* [Work order]: Write out each line of the listing as it stands, without the images.

* [Data]:
= = =
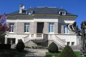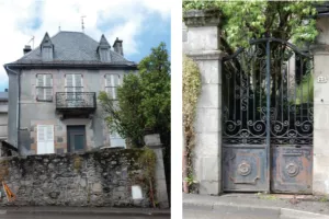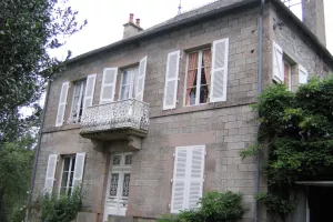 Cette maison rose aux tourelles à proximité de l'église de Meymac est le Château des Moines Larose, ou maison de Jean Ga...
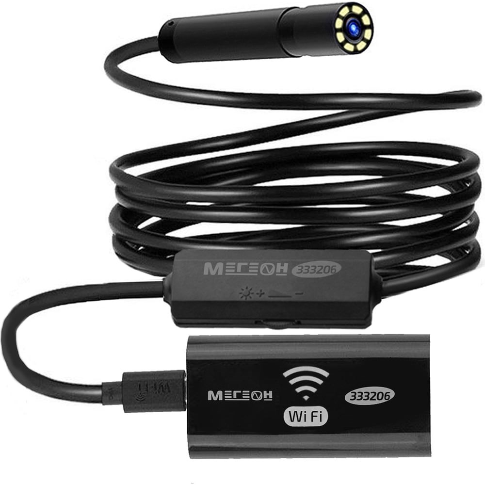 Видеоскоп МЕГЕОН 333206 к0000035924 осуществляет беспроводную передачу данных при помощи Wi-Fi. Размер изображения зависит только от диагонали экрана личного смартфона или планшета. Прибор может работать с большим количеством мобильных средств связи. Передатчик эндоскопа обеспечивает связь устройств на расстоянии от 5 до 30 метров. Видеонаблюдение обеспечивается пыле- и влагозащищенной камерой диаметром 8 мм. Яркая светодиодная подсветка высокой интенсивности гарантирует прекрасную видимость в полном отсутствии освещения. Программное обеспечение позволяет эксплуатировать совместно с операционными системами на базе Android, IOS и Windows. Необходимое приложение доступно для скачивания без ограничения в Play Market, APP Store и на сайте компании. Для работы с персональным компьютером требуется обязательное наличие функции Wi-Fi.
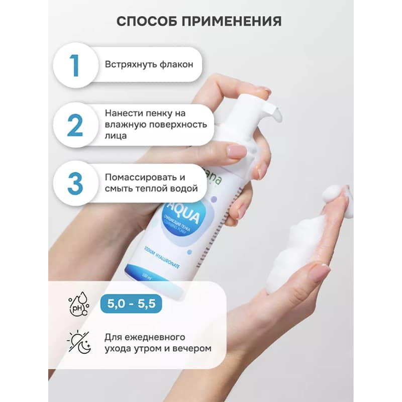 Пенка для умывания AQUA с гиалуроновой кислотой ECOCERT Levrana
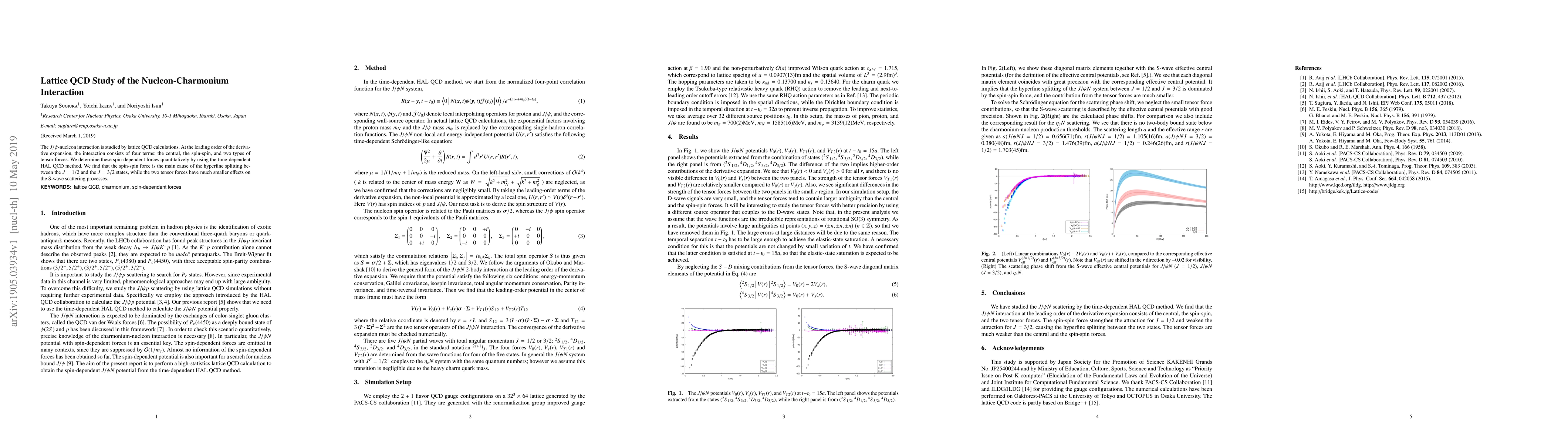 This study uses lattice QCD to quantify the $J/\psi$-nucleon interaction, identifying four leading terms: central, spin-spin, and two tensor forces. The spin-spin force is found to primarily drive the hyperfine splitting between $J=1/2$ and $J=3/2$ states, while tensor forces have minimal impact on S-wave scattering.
= = =
* [Response to the task]:
 Cette maison rose aux tourelles à proximité de l'église de Meymac est le Château des Moines Larose, ou maison de Jean Ga...
 Видеоскоп МЕГЕОН 333206 к0000035924 осуществляет беспроводную передачу данных при помощи Wi-Fi. Размер изображения зависит только от диагонали экрана личного смартфона или планшета. Прибор может работать с большим количеством мобильных средств связи. Передатчик эндоскопа обеспечивает связь устройств на расстоянии от 5 до 30 метров. Видеонаблюдение обеспечивается пыле- и влагозащищенной камерой диаметром 8 мм. Яркая светодиодная подсветка высокой интенсивности гарантирует прекрасную видимость в полном отсутствии освещения. Программное обеспечение позволяет эксплуатировать совместно с операционными системами на базе Android, IOS и Windows. Необходимое приложение доступно для скачивания без ограничения в Play Market, APP Store и на сайте компании. Для работы с персональным компьютером требуется обязательное наличие функции Wi-Fi.
 Пенка для умывания AQUA с гиалуроновой кислотой ECOCERT Levrana
 This study uses lattice QCD to quantify the $J/\psi$-nucleon interaction, identifying four leading terms: central, spin-spin, and two tensor forces. The spin-spin force is found to primarily drive the hyperfine splitting between $J=1/2$ and $J=3/2$ states, while tensor forces have minimal impact on S-wave scattering.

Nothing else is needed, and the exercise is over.